Lucky for us, the random forest had an outstanding performance on the cross validation set! The neural network did not perform terribly well however, so we will discard that model for now. Here is a simple visual representation of how the random forest performed. In fact there is almost very little to even see due to the fact that the predictions were so accurate.

## Simple plot to aid in visualization of the prediction results
plot(predict(modelRF, crossvalPC), crossval$classe, 
     col=c("red","blue","green","grey","orange"),
     xlab="Predicted Classe",
     ylab="True Classe",
     main="Plot of True Class by Predicted Classe")

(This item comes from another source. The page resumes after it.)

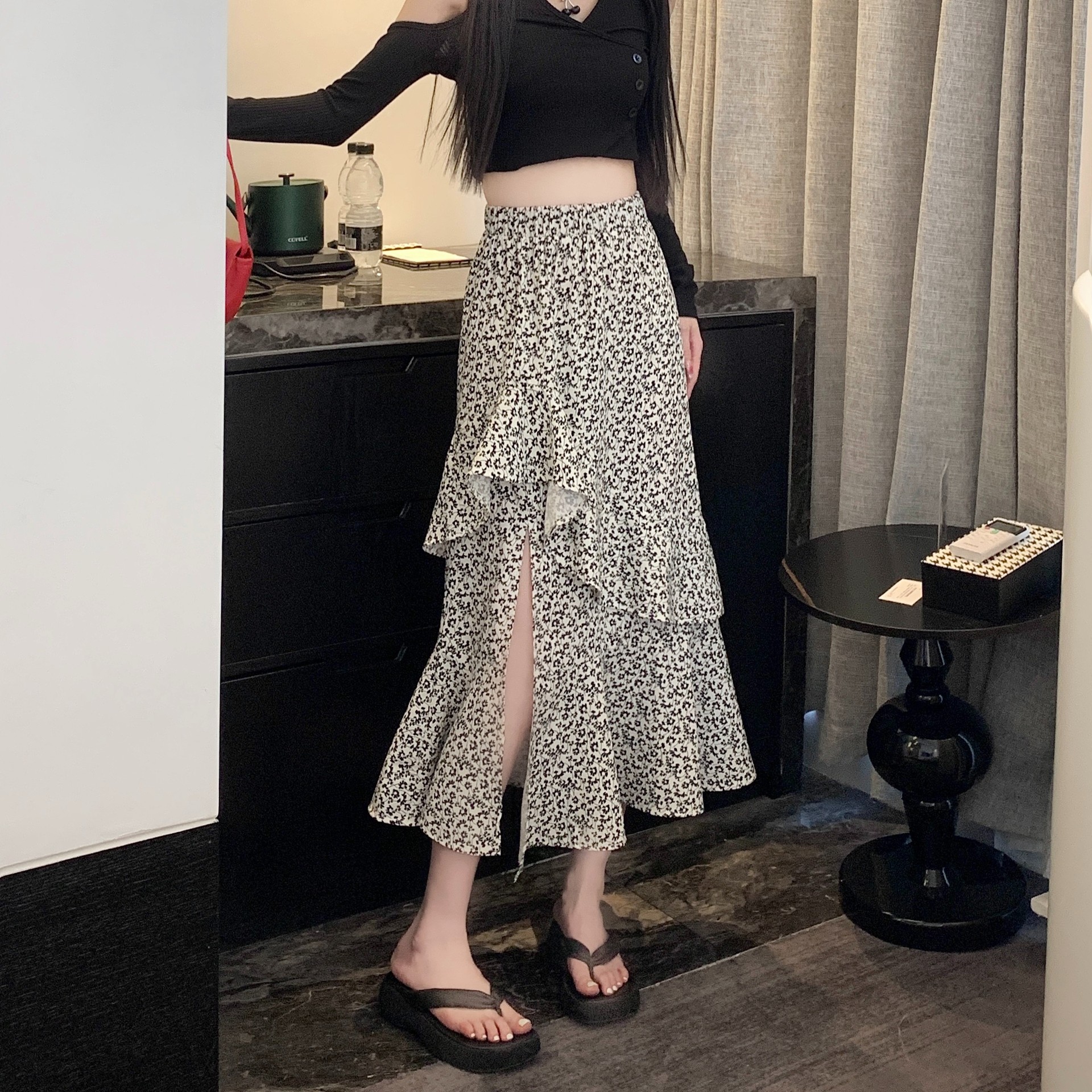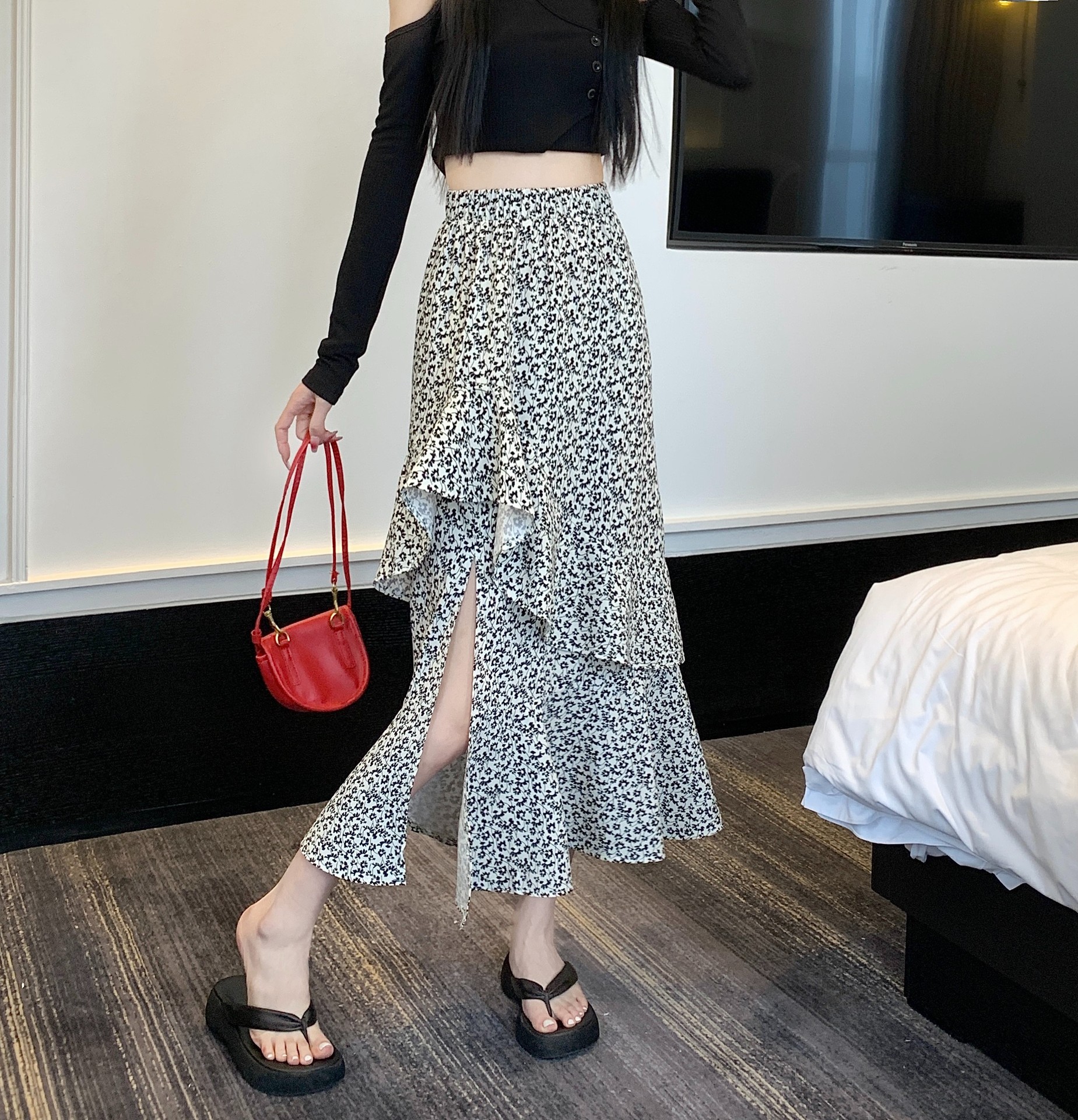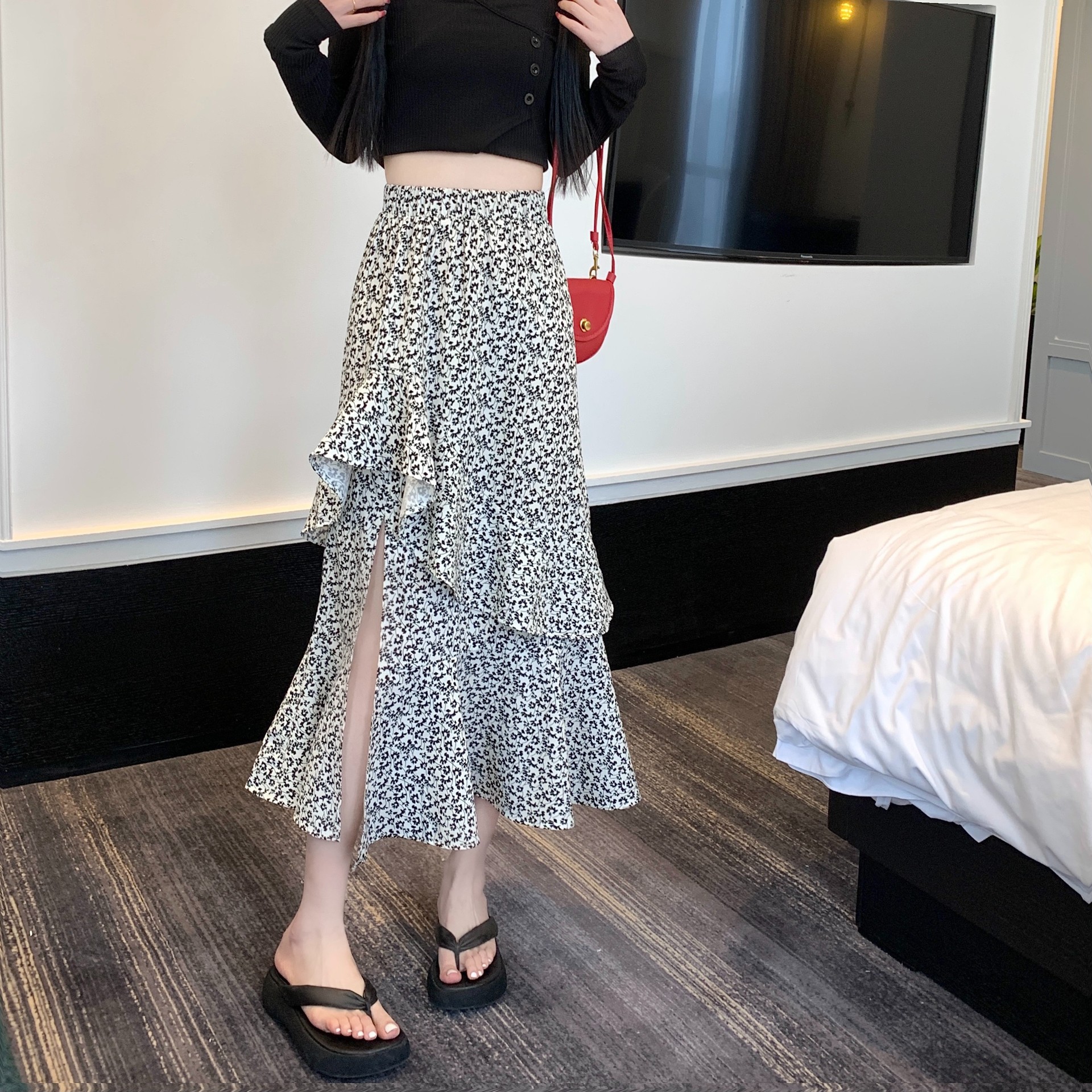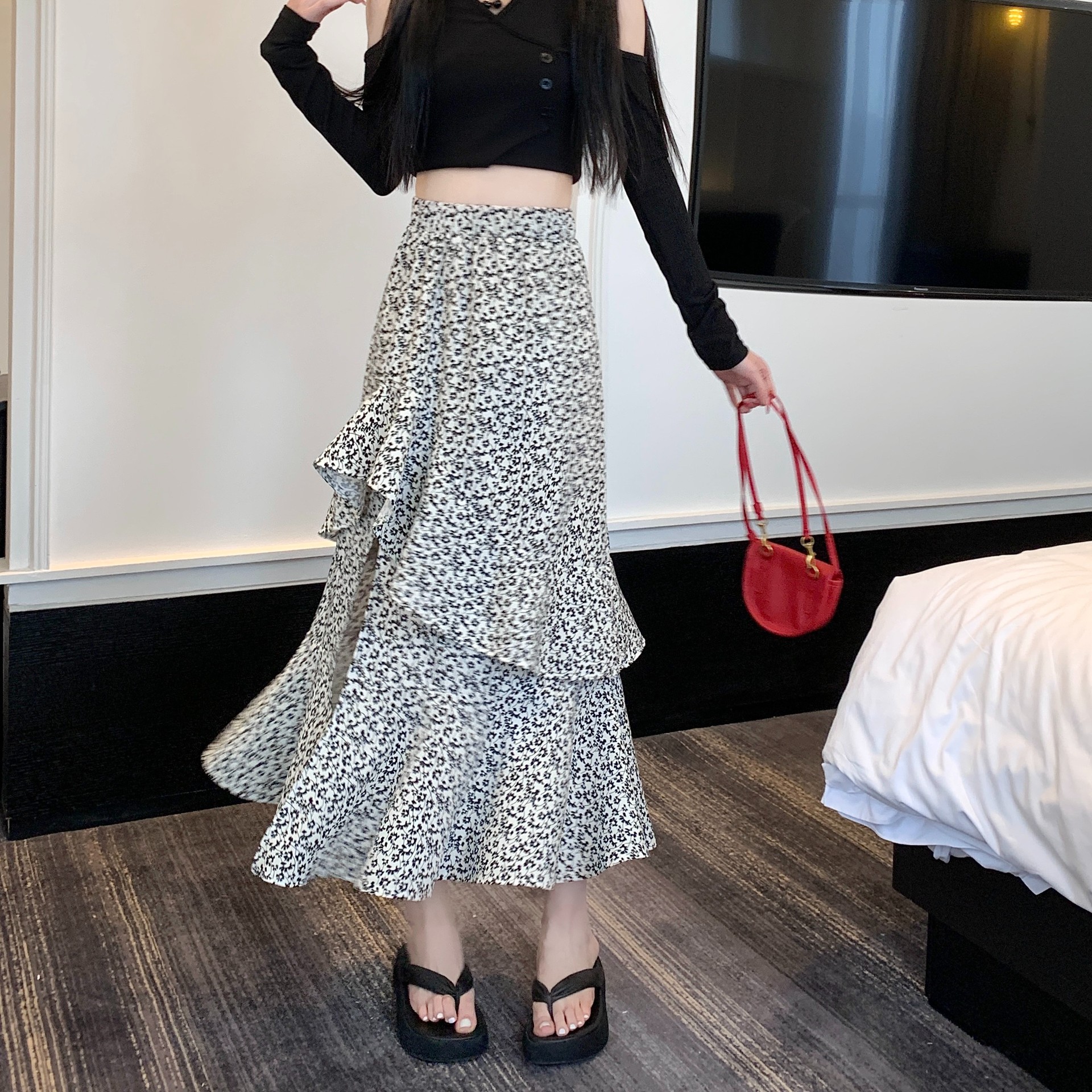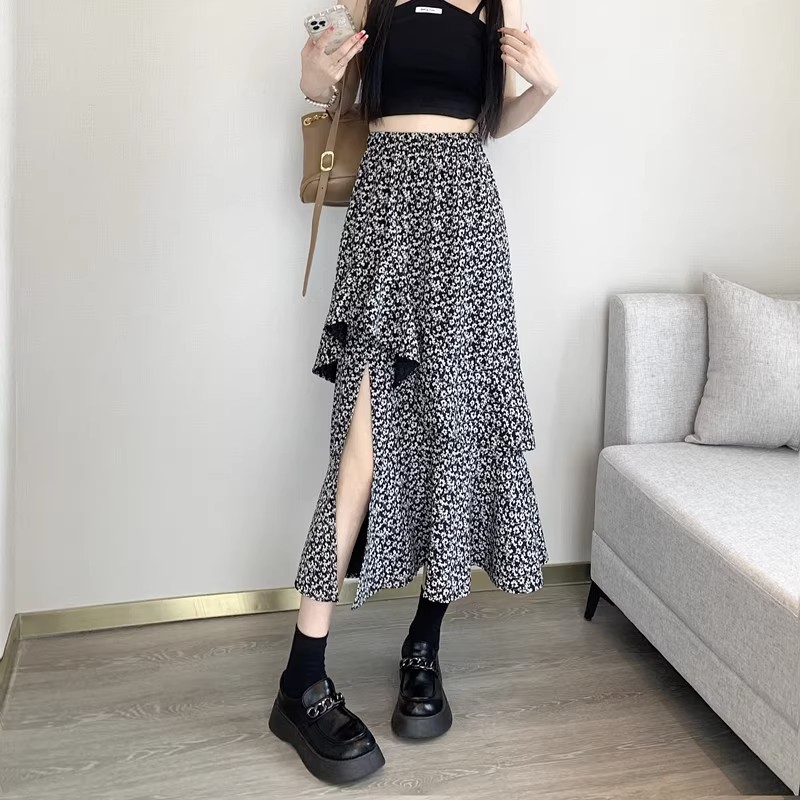 2024 봄/여름 높은 허리 슬리밍 중간 길이 불규칙한 러플 꽃 스플릿 하프 A 라인 피쉬 테일 스커트
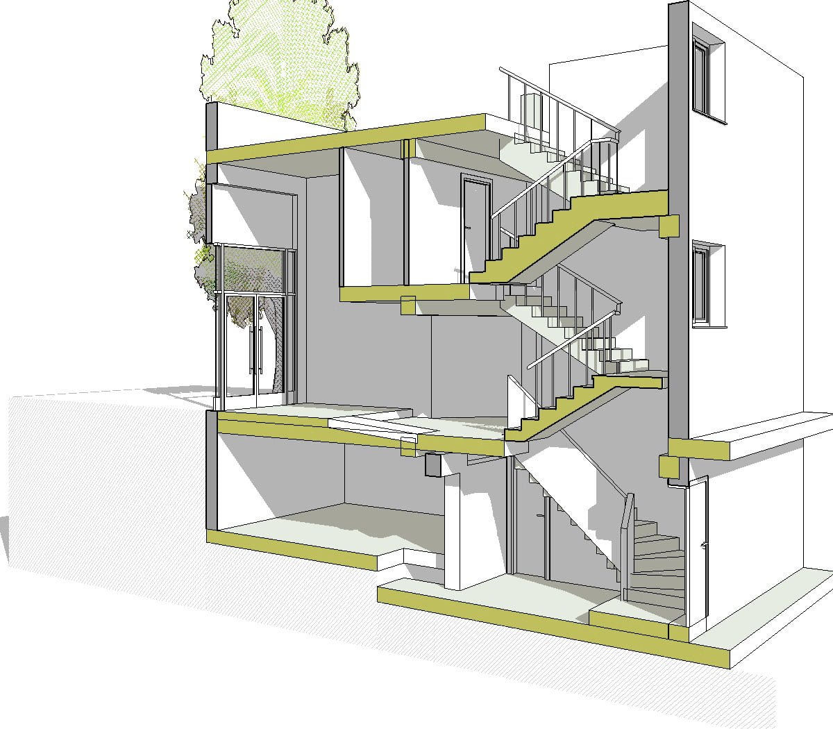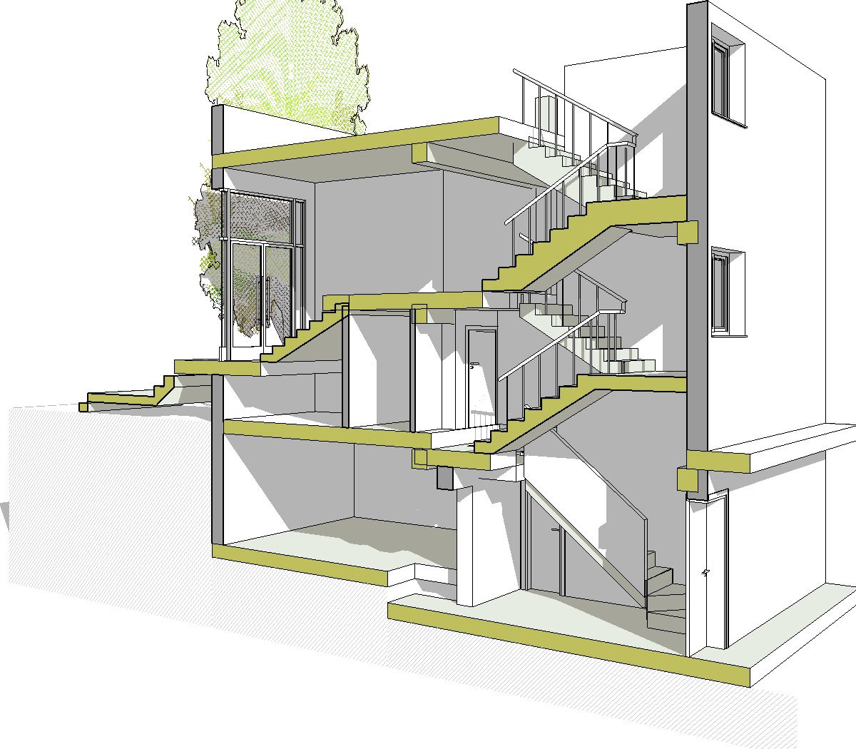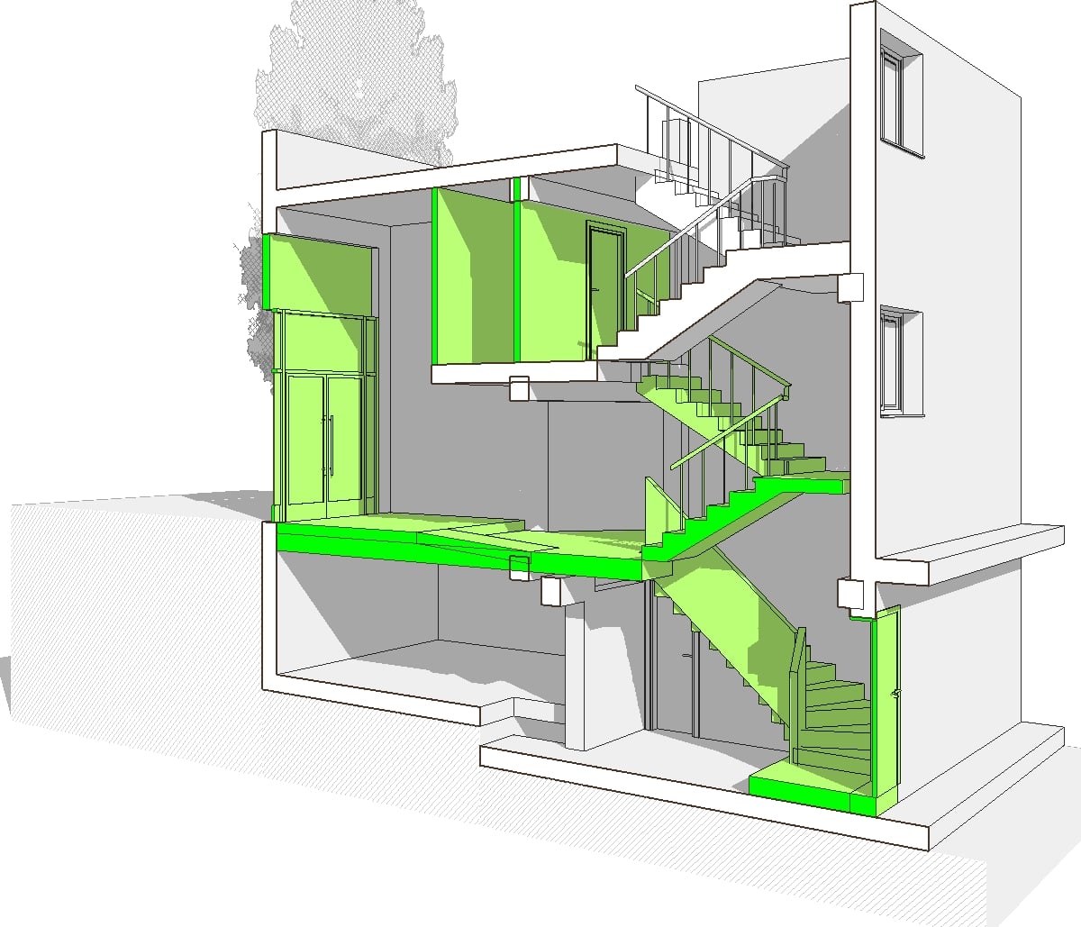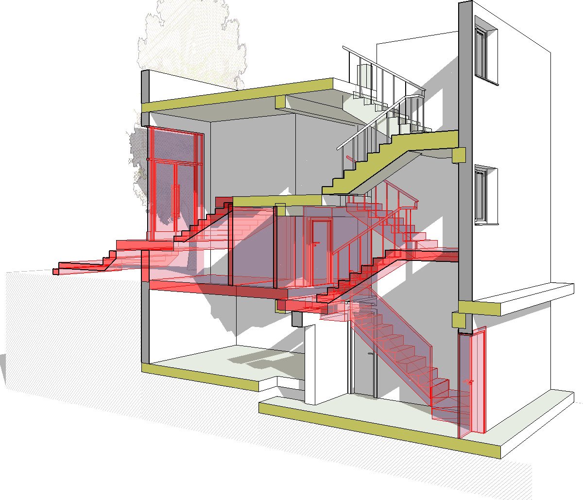 El análisis se planteo tridimensionalmente (con metodología Bim), de esta forma se pudo determinar de forma minuciosa cada una de las decisiones que se iban tomando de forma coordinada en los planos horizontales de circulación a la vez que en los elementos verticales, rampas, ascensor, escaleras,.. conociendo en todo momento las alturas libres de los diferentes espacios resultantes.

plot of chunk unnamed-chunk-9

Notice the very solid consistent colors in each bar. This represents that the vast majority of the predictions were correct. We can see quickly that classe E was the easiest class to predict, while the other bars have thin slices of other colors present. You can see that some A predictions were actually B, some B predictions were actually C, and some C predictions were actually D.

Conclusion

It appears that this type of physical activity lends itself well to classification by a machine learning algorithm. We were able to very accurately predict movements using a random forest, and it is very fair to say that since it achieved an accuracy rate of over 97% on a cross validation set of almost 5000 observations, that that level of prediction accuracy should carry over to any new observations given to it.

Epilogue

On the submission portion of the assignment, I scored 19/20 on the first pass. The one that I missed I was able to guess what the correct answer was based on the colorful plot of True vs Predicted. My prediction was A, and since that was incorrect, I knew the next best guess was Blue, or in other words, B. 19/20 is a somewhat expected in fact. The chance of getting 19 right under the 97.88% accuracy rate we saw on the cross validation set is 28.2%, so not at all unexpected.

## Plot of binomial distribution for questions to get right out of 20
plot(0:20, dbinom(0:20, size=20, prob=.9788), 
     type="h", lwd=15, xlab="Number of questions answered correctly",
     ylab="Chance of that occuring",
     main="Binomial density plot for answers correct out of 20",
     sub="Probability of success is .9788")

plot of chunk unnamed-chunk-10